* [Activity]
Apart from the pictures, the listing is to be returned exactly.

* [Data listing]
..........
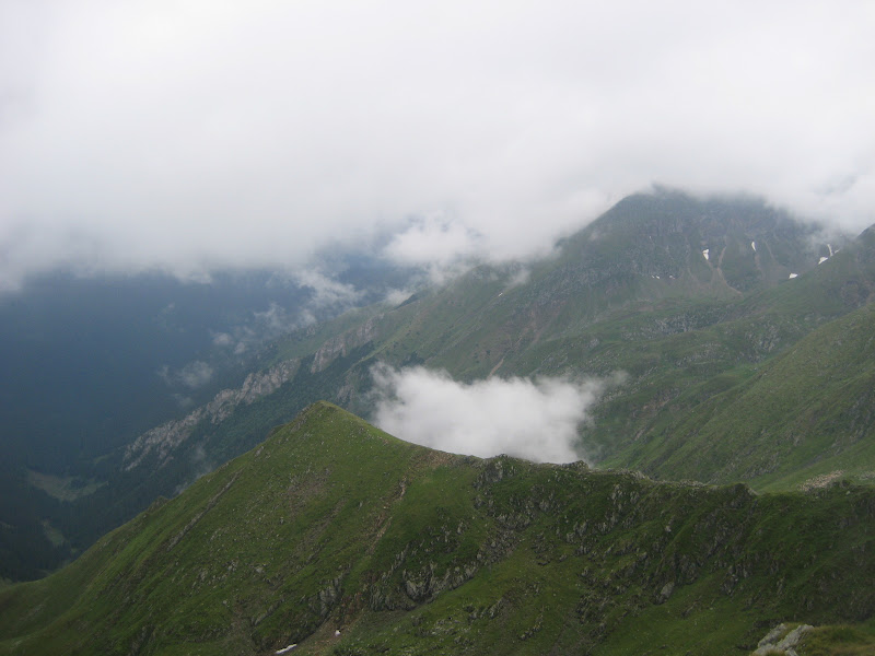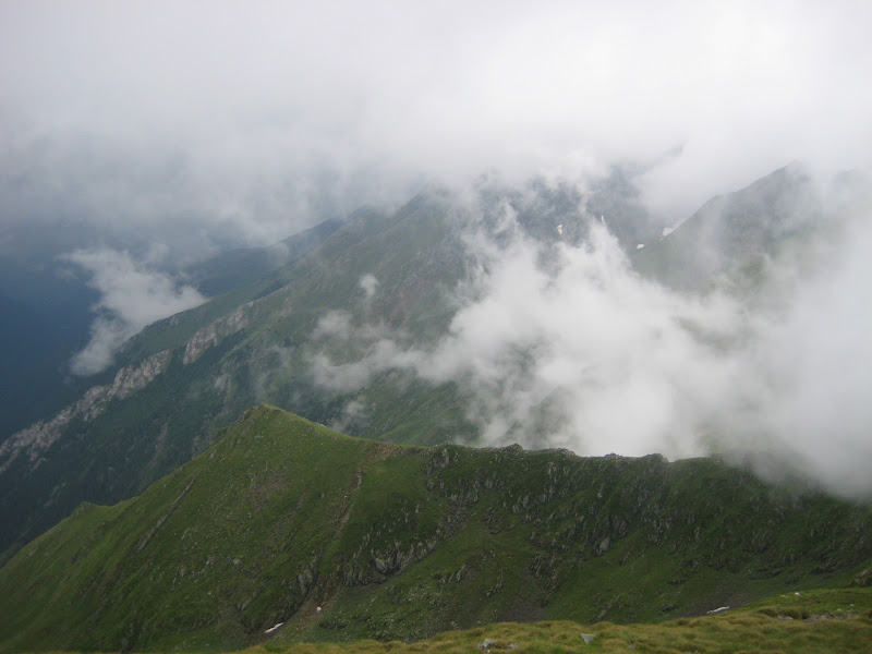 Sergiu si Gabi raman in urma cu aparatul, si de cele mai multe ori, cand ne ajungeau ei din urma se punea ceata pe singura fereastra de peisaj. Imi parea rau ca nu puteam sa fotografiez acele “ocazii”. Pe de alta parte, jocul acesta de nori mi se parea divin. Eu am fost de multe ori la munte, si am vazut de multe ori clar in zare … asa ca jocul norilor nu poate sa mi se para altfel decat superb.
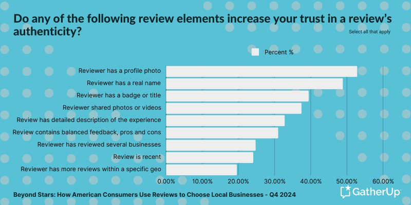 Reviews that contain detailed descriptions of the customer’s experience earn a 33% increase in consumer trust that the review is legitimate, according to this large survey of 1,200+ US consumers I worked on with GatherUp. Given the serious problem of review fraud, reviews that appear authentic will become an increasingly valuable asset if predictions hold true that platforms like Google Business Profile are about to be overrun with AI-generated review content. Note, too, the positive impacts of images and videos on consumer trust seen in the above slide.
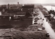 Het Visserijdok en de Hendrik Baelskaai gezien van op het dak van de Vismijn. De O.154 "Georges-Georgette" en de O.345 "Finistere" (links) laden ijs bij de Froid Industriel. Er naast de gebouwen van de rederij "Motorvisserij" en de "Ostend Stores & Rope Works", en "Purfina"
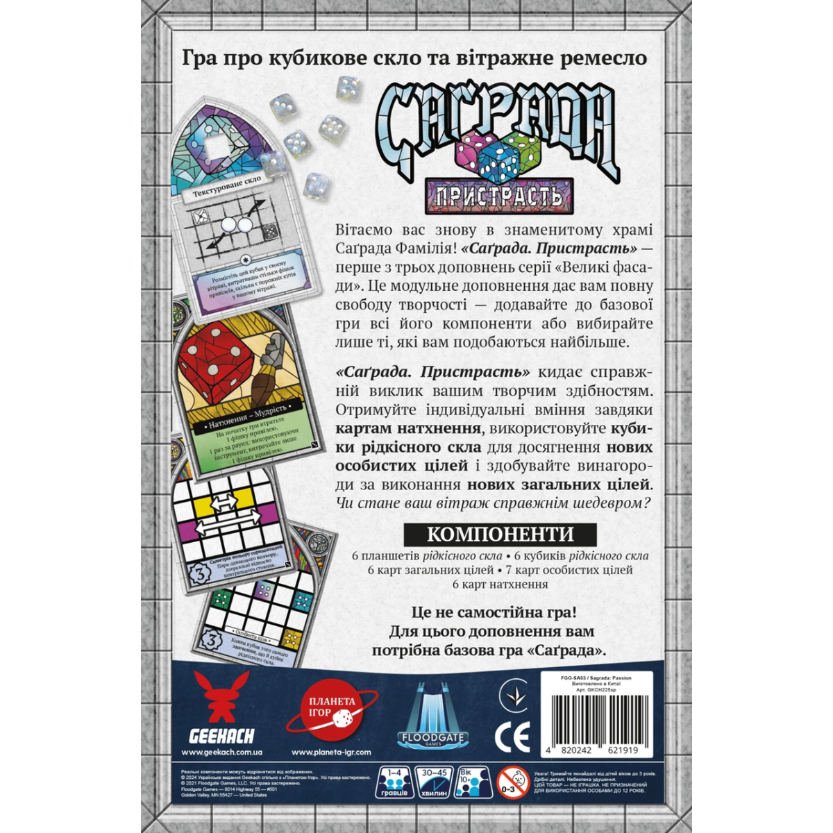 ???? Саґрада: Пристрасть – це доповнення до всесвітньо відомої настільної гри Саґрада, яке додає ще більше глибини, стратегічних рішень і можливостей для створення витончених вітражів. Тепер вам доведеться проявити не тільки майстерність, а й справжню пристрасть до мистецтва!
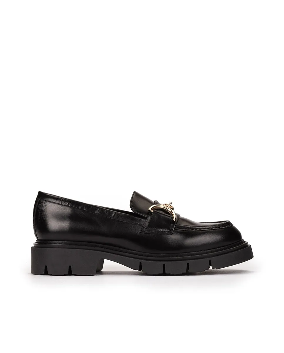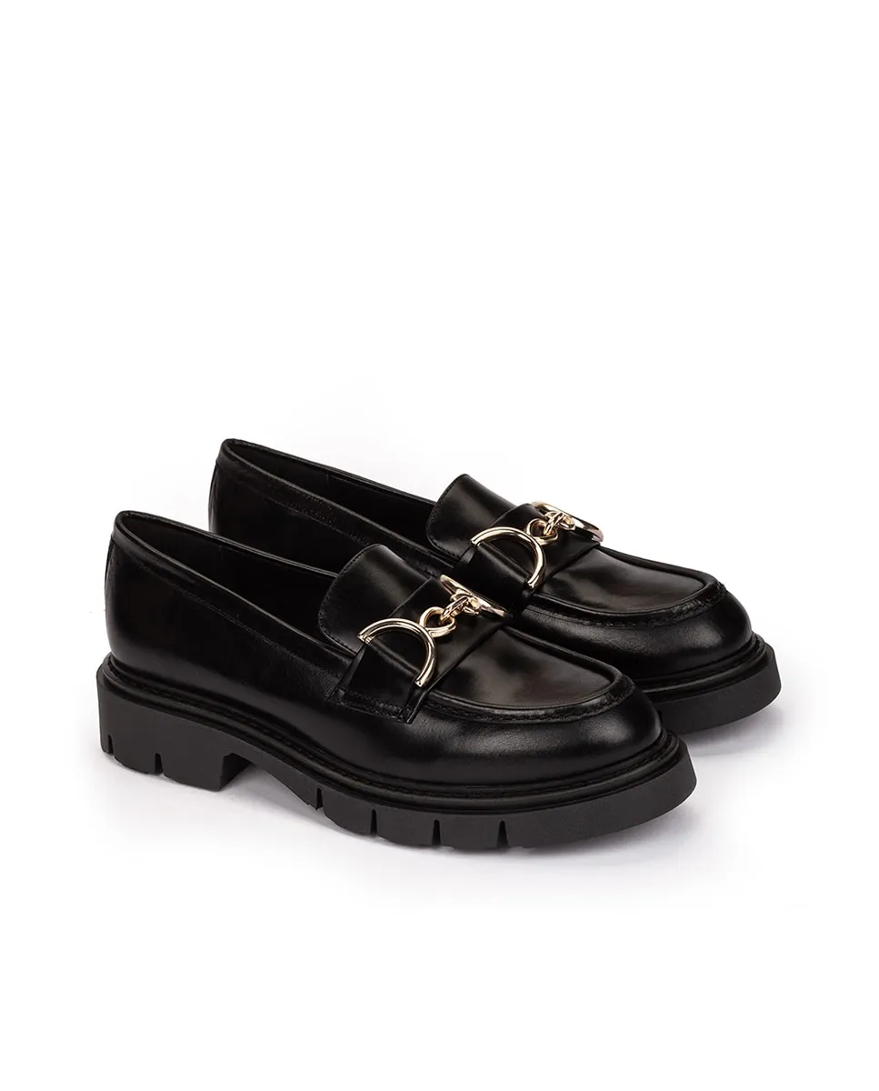 Женские кожаные мокасины на платформе. Деталь в виде пряжки на подъеме ноги придает модели изысканность. Его дизайн сочетает в себе современность платформы с классическим стилем силуэта.
..........
* [Result]
 Sergiu si Gabi raman in urma cu aparatul, si de cele mai multe ori, cand ne ajungeau ei din urma se punea ceata pe singura fereastra de peisaj. Imi parea rau ca nu puteam sa fotografiez acele “ocazii”. Pe de alta parte, jocul acesta de nori mi se parea divin. Eu am fost de multe ori la munte, si am vazut de multe ori clar in zare … asa ca jocul norilor nu poate sa mi se para altfel decat superb.
 Reviews that contain detailed descriptions of the customer’s experience earn a 33% increase in consumer trust that the review is legitimate, according to this large survey of 1,200+ US consumers I worked on with GatherUp. Given the serious problem of review fraud, reviews that appear authentic will become an increasingly valuable asset if predictions hold true that platforms like Google Business Profile are about to be overrun with AI-generated review content. Note, too, the positive impacts of images and videos on consumer trust seen in the above slide.
 Het Visserijdok en de Hendrik Baelskaai gezien van op het dak van de Vismijn. De O.154 "Georges-Georgette" en de O.345 "Finistere" (links) laden ijs bij de Froid Industriel. Er naast de gebouwen van de rederij "Motorvisserij" en de "Ostend Stores & Rope Works", en "Purfina"
 ???? Саґрада: Пристрасть – це доповнення до всесвітньо відомої настільної гри Саґрада, яке додає ще більше глибини, стратегічних рішень і можливостей для створення витончених вітражів. Тепер вам доведеться проявити не тільки майстерність, а й справжню пристрасть до мистецтва!
 Женские кожаные мокасины на платформе. Деталь в виде пряжки на подъеме ноги придает модели изысканность. Его дизайн сочетает в себе современность платформы с классическим стилем силуэта.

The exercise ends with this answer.